В период мании Есан — одно сплошное «но». Юродивый несносный зверь, эдакий сорванец, не вспоминающий ни о гранях дозволенного, ни о себе. Передряги, случайные связи, правонарушения, мнимые вложения в «общее дело», пренебрежение к собственному существованию, поспешность выводов и исключительная «вера в общественное честолюбие», — вот, кем обличался Есан, из раза в раз оборачивая монету ребром.
— Я снова весь чешусь.
— В реке под склоном не лучшая система очищения. К тому же, ты наглотался тины и измазался в собственной рвоте, — выдохнул Чонхо. Есан приподнял на него возмущенный взгляд. — Думаешь, это все бесследно?
— Нет. Чонхо, я чешусь, — процедил Есан сквозь зубы.
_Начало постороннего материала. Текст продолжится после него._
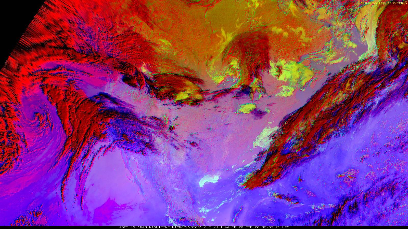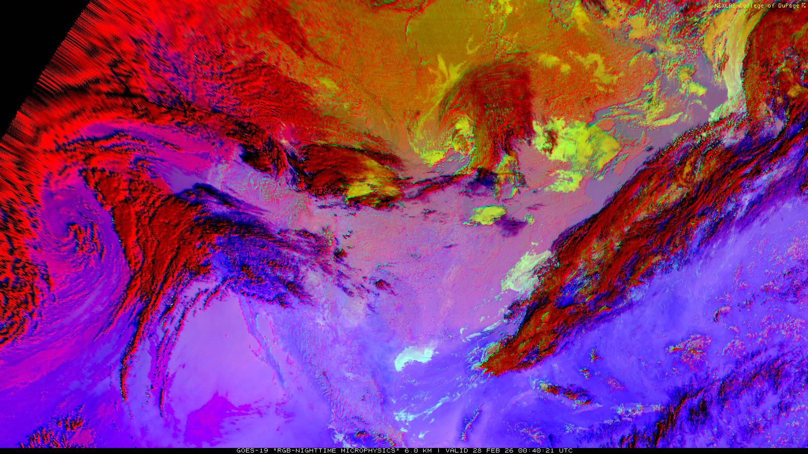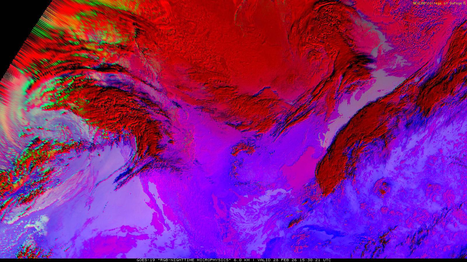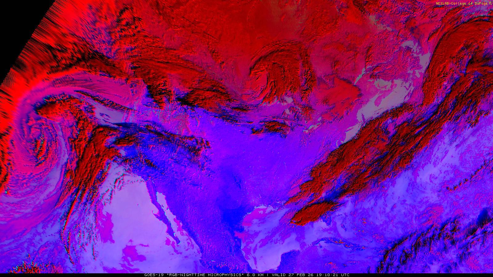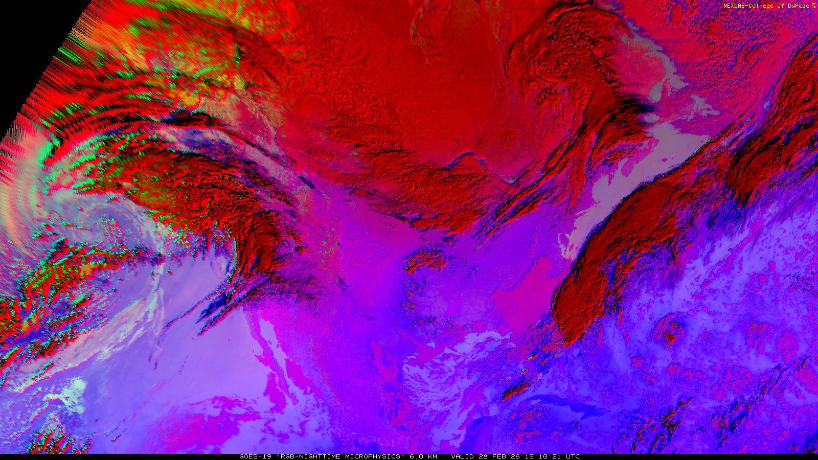 The RGB Nighttime Microphysics product is a combination of three different infrared bands. It is useful for discriminating between different cloud types, especially between low stratus clouds and fog. The ‘Red’ channel is a difference of ABI bands 15 and 13, while 'Green' is a difference of bands 13 and 7, and 'Blue' is solely being represented by ABI band 13. This product is only truly useful during the nighttime when it is dark because of the influence solar reflectance has on band 7.

Вдруг он рьяно вцепился в ладонь Чонхо и накрыл ею свой живот. — Я. Весь. Чешусь. Ну погладь ты! Жалко?
— Гладят, когда болит.
— Значит, я весь болен. Позавчера была годовщина.
Чонхо скучающе повел пальцем от обтянутых ребер к впадинке пупка, — провалился, надавил, — и оттянул усыпанную пятнышками кожу в сторону. Расставив пальцы, он поднялся ими к пропасти желудка, оббежал ямки под ребрами и широким мазком прочертил до груди. Кожа у Есана была шероховатой, но теплой; согретой едва пробужденным Солнцем с Востока, а присутствием Чонхо — с Запада. В белом свете раннего утра тело его казалось бледнее мела, и Чонхо задумчиво оглядывал свои ладони на предмет оставленного мелового следа, пока Есан, точно от воды, в самом деле рассыпался. Подрагивая от бережных прикосновений, он поджимал белые ноги с сереющими от синяков коленями и сминал в кривых пальцах и без того сбитую простынь.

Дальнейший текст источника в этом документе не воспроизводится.